Simple Twitter Analytics by Multivac "Data Science Lab" - Part I

I am going to analyse all of my Tweets since 2010 by using “Multivac DSL“. This tutorial will be in three parts. In first part I am going to do the followings:

Read tweets in CSV format and convert them to Spark DataFrame
Make some visualisations for better understanding
Clean the “source” field
Visualise the source of each tweet to find useful insights

First, I need to login to Apache Zeppelin hosted by Multivac with my ISC-PIF LDAP account. This allows me to have my Spark Notebooks run everything over Multivac Hadoop cluster in our cloud. Now it’s time to get our hands on some tweets. For this, I am going to request my Twitter archive from my Twitter profile. Once this request has been sent it will be processed by Twitter and you will receive an email with a link to download.

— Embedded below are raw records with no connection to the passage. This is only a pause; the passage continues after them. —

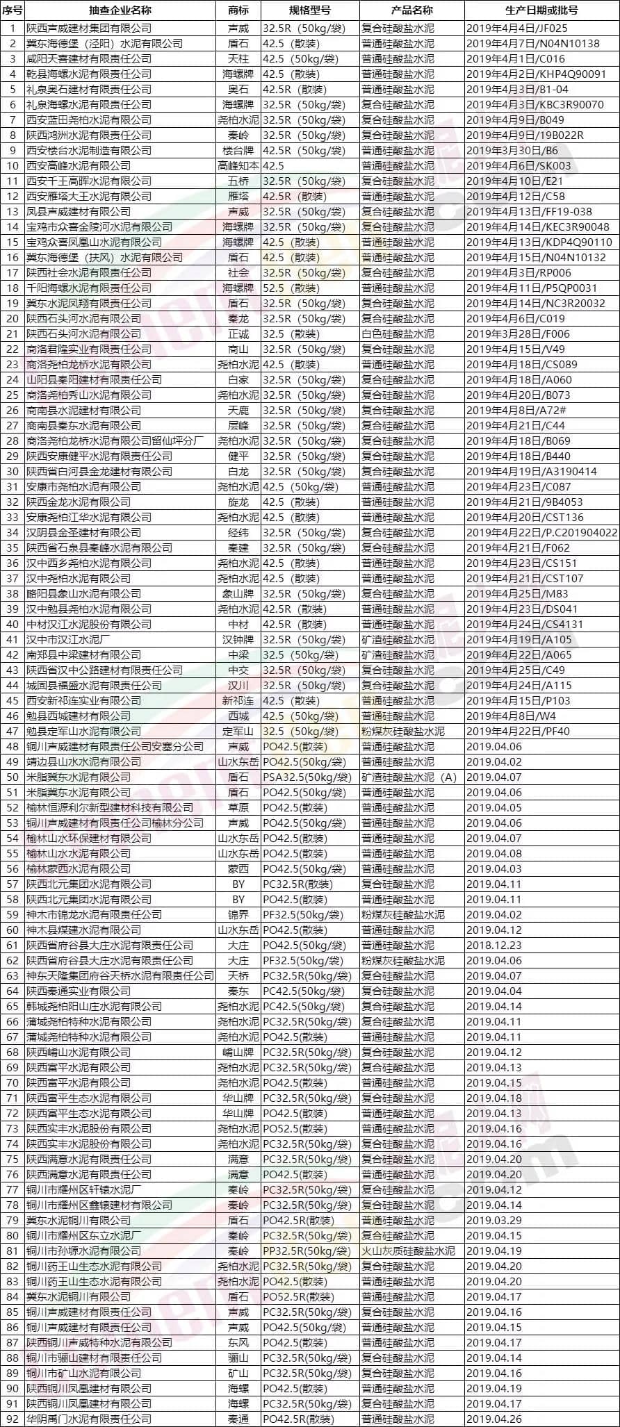 水泥樣品在西安、寶雞、咸陽、銅川、渭南等地區的生產領域中抽取,共抽查生產企業79家,抽取樣品92批次,經檢驗,合格樣品92批次,樣品合格率為100%。
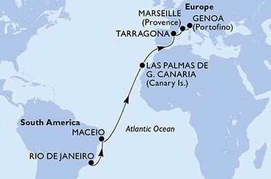 Brazílie, Španělsko, Francie, Itálie z Rio de Janeira na lodi MSC Musica, plavba s bonusem
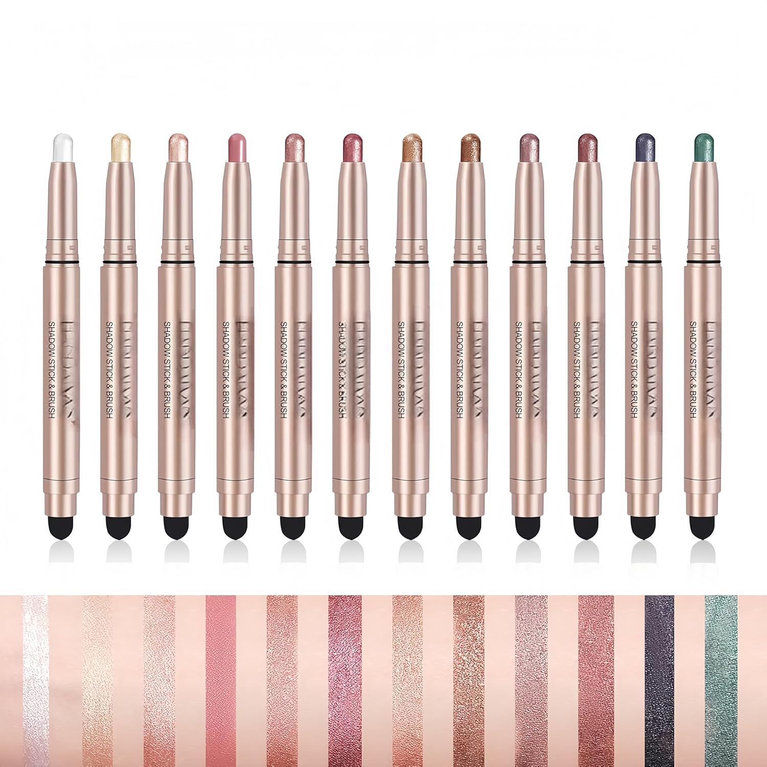 - 👀【12 Colors Eyeshadow Set】This highly pigmented eyeshadow stick come with 12 colors, from warm to cool color, elegant pink to sexy brown eyeshadow, advanced gray to bright gold, can be used to give you daily and luminous makeup.
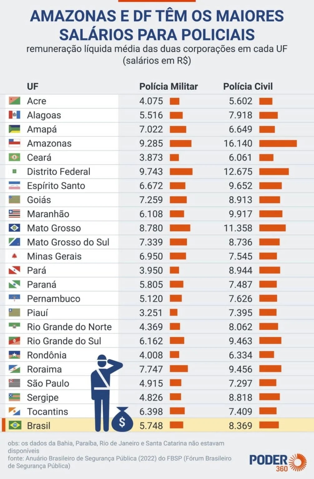 Policiais militares do Distrito Federal recebem, em média, R$ 9.742,00; já os funcionários da Polícia Civil do Amazonas ganham R$ 16.140,00
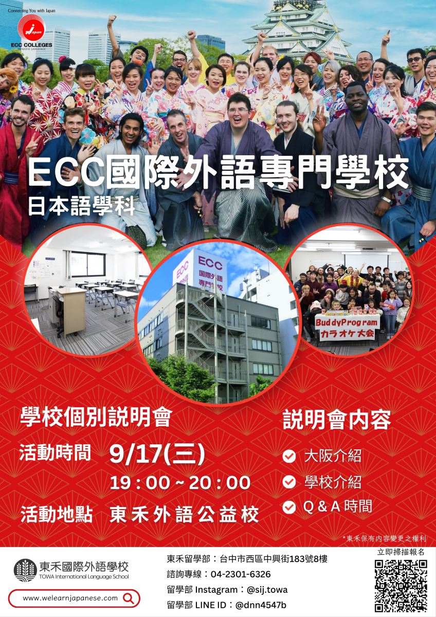 大阪知名學校『ECC國際外語專門學校-日本語學科』將於東禾舉辦個別說明會!
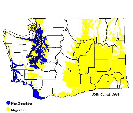 The Long-billed Dowitcher is less common during migration than the Short-billed Dowitcher, but is the more common winter resident in major estuaries on the Washington coast and in Puget Sound. It is generally absent from eastern Washington in winter. Coastally, the first adult migrants start arriving from the north in July and are common from July into mid-September. Juveniles start migrating through in mid-August and are common through October. They are uncommon from November through April. The spring migration is short, and birds are common for only a few weeks in the beginning of May. They taper off to uncommon in late May, and by June they are reported only occasionally. In eastern Washington, they are rare in late June, but quickly become common in July and remain so through October. They are uncommon in November, rare in December, and only occasionally spotted from January through March. In April, numbers start migrating through again, but they are still uncommon. The migration builds in May, and they are common for most of that month. This is a short period, and by the end of May they are uncommon, and by the second half of June they are rarely reported.
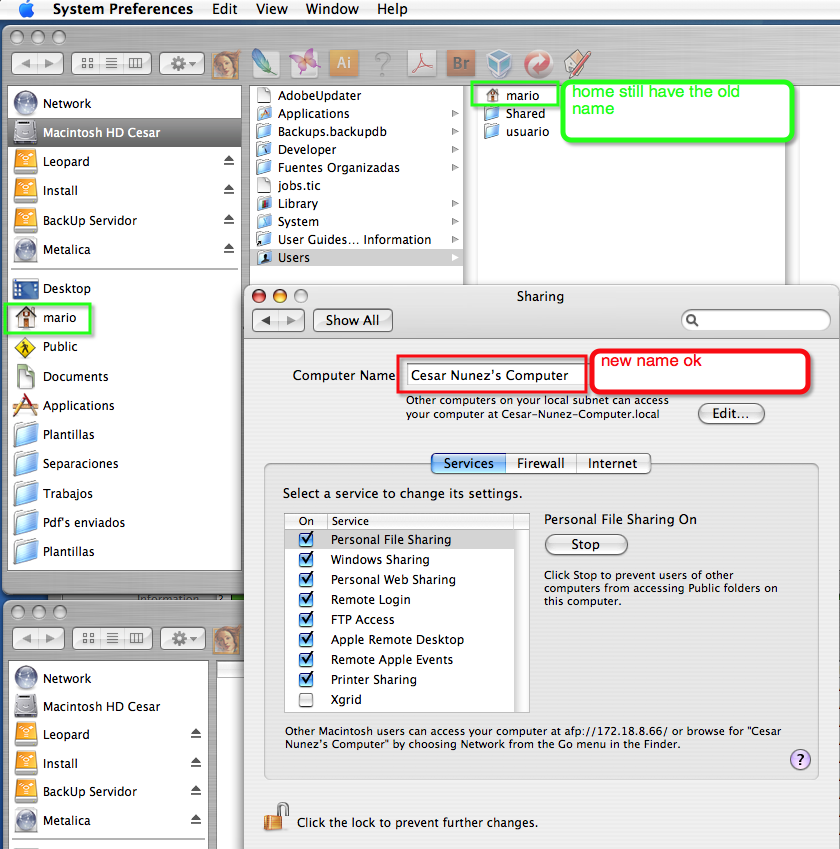 I have a Mac Pro with 10.4.11 Os I need to change the computer name for another, and I already did it with no problem via System preferences/accounts and sharing...
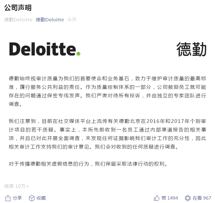 德勤表示,注意到,目前在社交媒体平台上流传有关德勤北京在2016年和2017年个别审计项目的若干质疑。事实上,本所先前收到一名员工通过内部渠道报告的相关事项,并且已对此开展全面调查,未发现任何证据影响我们审计工作的充分性,因此相关审计工作支持我们的审计意见。我们会对收到的任何质疑进行调查。
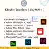 Create a Video Graphic Design in Minutes With 250,000+ Editable Templates (PSD, Ai, EPS, CDR ..) and a huge collection of designs that can be used for a large range of works such as Graphic Designing, Freelancing, Animation, YouTube Video Creations, Photography All these in one pack with all the relevant Adobe Software's.

This is what’s inside the compressed directory that I downloaded:

You can see Twitter has already prepared a nice HTML page to browse your tweets:

But we will focus on one particular file named “tweets.csv” which contains the content of your tweets with some minimal metadata. Spark has the ability to easily read CSV or JSON files as Spark DataFrame.

First, let’s take a look at our Spark version in our cluster:

spark.version
res0: String = 2.2.0.cloudera1

Now here’s how you can read CSV file into DataFrame:

val tweetDF = spark.read.format("csv")
.option("header", "true") //file comes with headers, use them as the name of each column
.option("charset", "UTF-8")//the tweets are in UTF-8 so we just making sure of it
.option("qoute", null)//this is important cause some thweets contain double quotations and this messes the rows in SQL
.option("mode", "DROPMALFORMED")//forget the corrupted rows
.load("/tmp/tweets.csv")// load the CSV file

Now the “tweetDF” variable contains our Tweets DataFrame. Let’s take a look at schema and display 20 rows of this table:

tweetDF.printSchema
root
 |-- tweet_id: string (nullable = true)
 |-- in_reply_to_status_id: string (nullable = true)
 |-- in_reply_to_user_id: string (nullable = true)
 |-- timestamp: string (nullable = true)
 |-- source: string (nullable = true)
 |-- text: string (nullable = true)
 |-- retweeted_status_id: string (nullable = true)
 |-- retweeted_status_user_id: string (nullable = true)
 |-- retweeted_status_timestamp: string (nullable = true)
 |-- expanded_urls: string (nullable = true)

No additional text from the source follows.